The retinal responses to SA for the BLUR condition are significantly lower than DEF for 0.3, and 0.5 µm blur magnitude (see
Fig. 7), implying that the retina is more sensitive to SA than DEF. Image statistics show no significant differences in grayscale values between DEF and SA, and therefore we do not expect significant differences in the contrast content of the images. Hence, contrast alone could not possibly account for the ERG differences observed between stimuli blurred with DEF or SA. The spatial frequency content differs between DEF and SA in a systematic way. The difference in the high spatial frequency content between these two blur types could cause a difference in the retinal responses when blurring the image with SA (BLUR) because the central part of the retina that exhibits high spatial resolution would be stimulated optimally with SA but not DEF.
We tested adult observers with either emmetropia or myopia and found no differences in the retinal responses between the two groups. This is in disagreement with previous psychophysical studies that showed that myopes are less sensitive to peripheral blur,
10,16,37 which could indicate that the peripheral ERG responses of myopes might also differ from those of emmetropes. Of course, a direct comparison between retinal physiological responses and psychophysical responses is not possible, as many compensatory or adaptation/habituation mechanisms might be in play. The lack of difference between refractive groups in our study may be a consequence of testing adult subjects with stable refractive error. A recent study in children showed that when blur sensitivity was measured as depth-of-focus, children with progressing myopia had lower sensitivity compared with emmetropes.

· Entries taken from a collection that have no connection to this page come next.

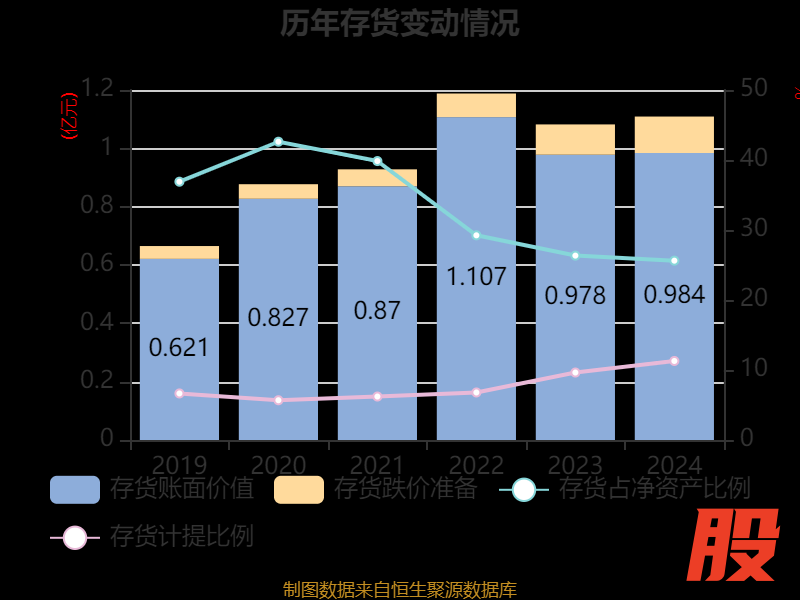 从存货变动来看,截至2024年末,公司存货账面价值为9839.75万元,占净资产的25.62%,较上年末增加64.07万元。其中,存货跌价准备为1252.91万元,计提比例为11.29%。
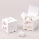 Esta cajita (de 5,4 x 5,4 cm) se puede rellenar con dulces, peladillas u otras sorpresas. Será un original regalo que podréis colocar sobre las mesas y regalar a vuestros invitados como recuerdo de vuestro maravilloso día.
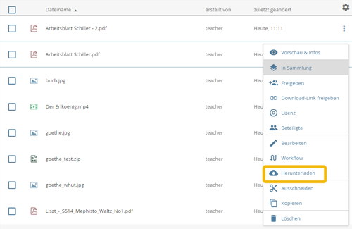Nutzer mit ausreichenden Zugriffsrechten können in edu-sharing gespeicherte und hierfür geeignete Objekte herunterladen.
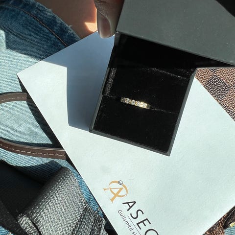 Nydelig gullring 9 carat med diamanter, 0,30. Størrelse 58.
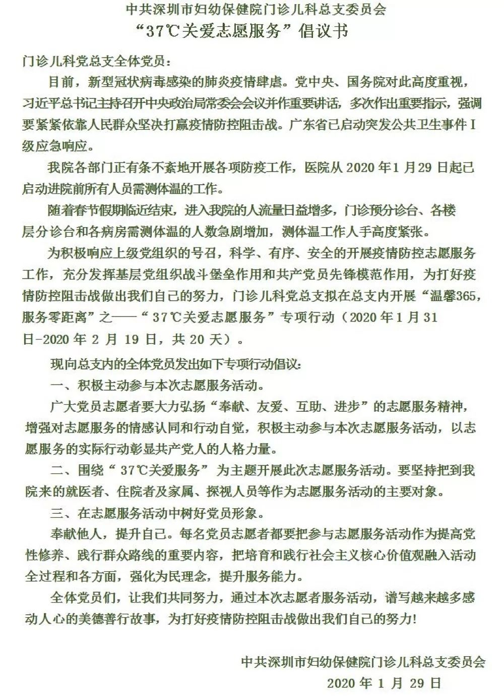 “37℃关爱志愿服务”倡议书
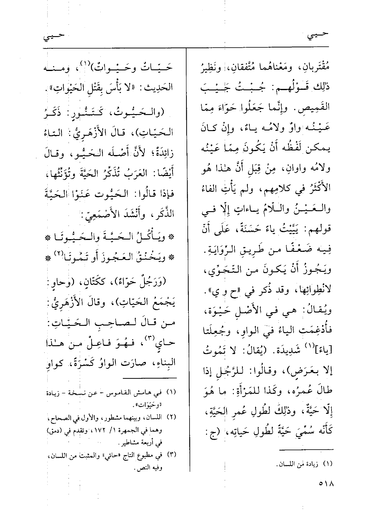 قالَ الْأَزْهَرِي التاءُ زائِدَةٌ لأنَّ أَصْلَه {الحَيُّو.
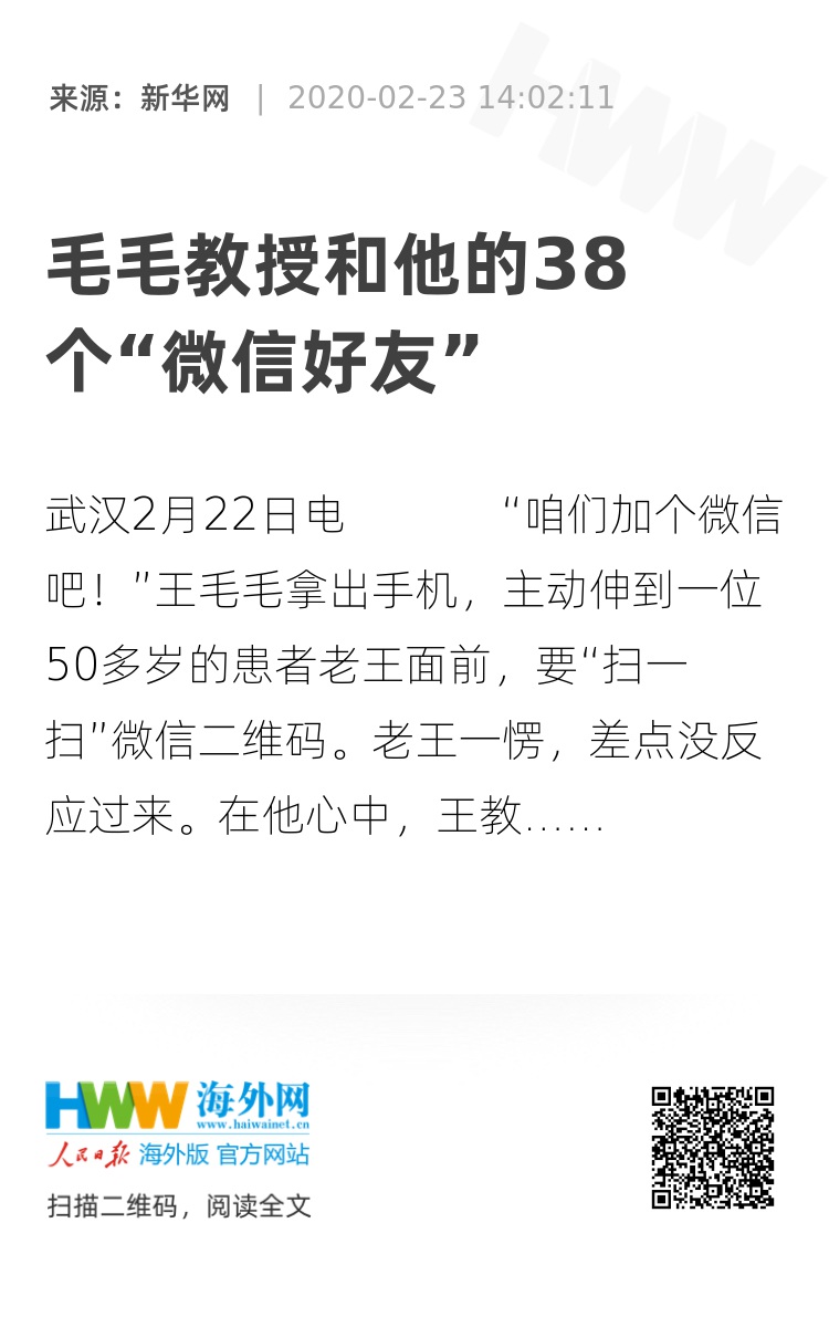 老王一愣,差点没反应过来。在他心中,王教授是火神山医院感染二科一病区副主任医师,从上海来的军医大学的大专家,居然主动加普通患者的微信好友。
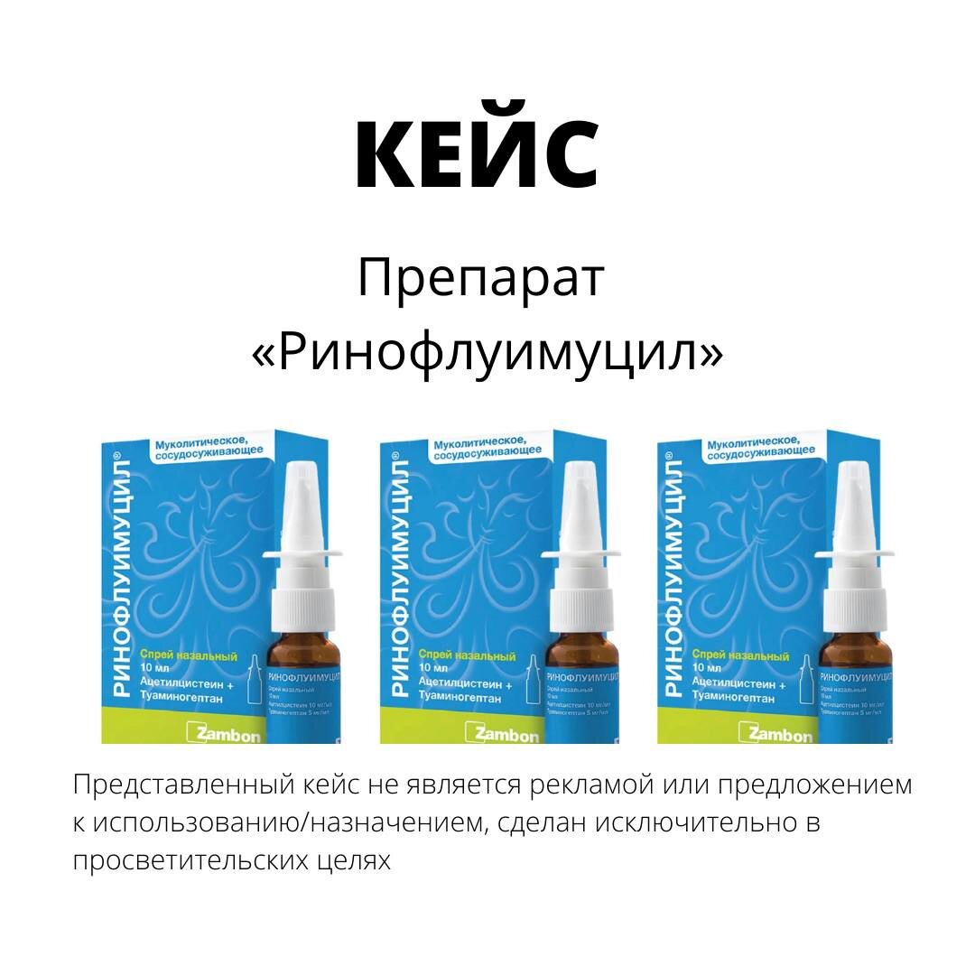 Неделю назад я приболела и сидела под одеялом, периодически выныривая посмотреть на свет и вливая в себя все, чтобы стало легче 🤒. Один из таких «все, чтобы стало легче» был «Ринофлуимуцил». Я сделала этот кейс не для того, чтобы посоветовать препарат или поделиться впечатлениями от использования. Мне интересна другая точка зрения на препараты - история разработки препарата, инновации, которые в них заложены, и стратегия интеллектуальной собственности, которую используют компании для защиты своих разработок и продуктов 👩💻. Итак, представляю вам кейс по препарату «Ринофлуимуцил» 💼 О препарате Спрей назальный «Ринофлуимуцил» зарегистрирован в РФ как лекарственное средство с 2007 года. В качестве активных веществ – комбинация из Ацетилцистеина и Туаминогептана. Ацетилцистеин – муколитик, то есть имеет разжижающее действие, разрушает связи в гликопротеинах слизи. Туаминогептан – оказывает местное сосудосуживающее действие без воздействий на сосуды организма в общем. В комбин

17 A longitudinal study of sensitivity to blur and retinal responses to blur on children before they become myopic would be able to answer these questions and elucidate the discrepancies discussed above.
In conclusion, we demonstrated that retinal responses to different types of digitally blurred images can be decoupled and studied in isolation. DLS blurred with DEF, AST, and SA at varying blur magnitudes can be used to elicit retinal responses. DEF and SA significantly decrease the amplitude of adult observers’ retinal responses; however, simulated AST does not affect ERGs, at least for the levels of blur used in this study. Our results indicate a retinal area between 6 degrees and 12 degrees eccentricity of increased sensitivity to blur for DEF and SA, whereas SA affects the retinal responses to a greater extent than DEF. To our knowledge, this is the first study to show greater retinal sensitivity for SA than DEF. SA might play a more important role in guiding the emmetropization process than DEF. Testing young children on the path for developing myopia with our novel paradigm would shed light on a peripheral retinal mechanism that is differentially sensitive to one type of blur than another and may lead to an abnormal emmetropization process.